*** Begin section ***
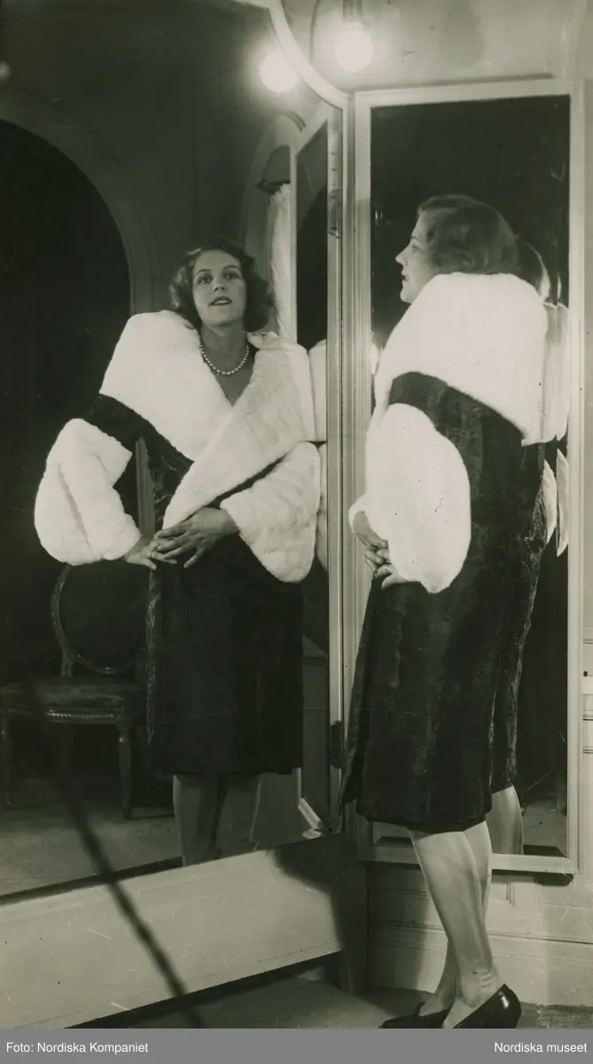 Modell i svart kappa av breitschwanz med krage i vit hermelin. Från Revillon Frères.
*** End section ***
*** Begin section ***
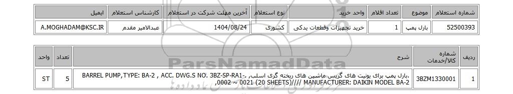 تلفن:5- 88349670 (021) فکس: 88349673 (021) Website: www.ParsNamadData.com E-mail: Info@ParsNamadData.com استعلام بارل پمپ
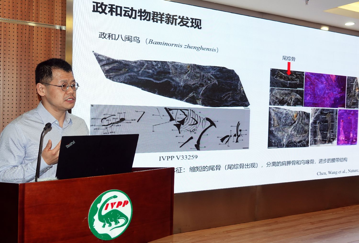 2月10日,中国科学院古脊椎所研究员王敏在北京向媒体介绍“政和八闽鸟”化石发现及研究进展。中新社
*** End section ***
# What is being asked
Would you transcribe the lines above exactly, going from the line bearing "تلفن:5- 88349670 (021)" through the line bearing "2月10日,中国科学院古脊椎", and drop the pictures from the copy?

# Answer to the exercise
 تلفن:5- 88349670 (021) فکس: 88349673 (021) Website: www.ParsNamadData.com E-mail: Info@ParsNamadData.com استعلام بارل پمپ
 2月10日,中国科学院古脊椎所研究员王敏在北京向媒体介绍“政和八闽鸟”化石发现及研究进展。中新社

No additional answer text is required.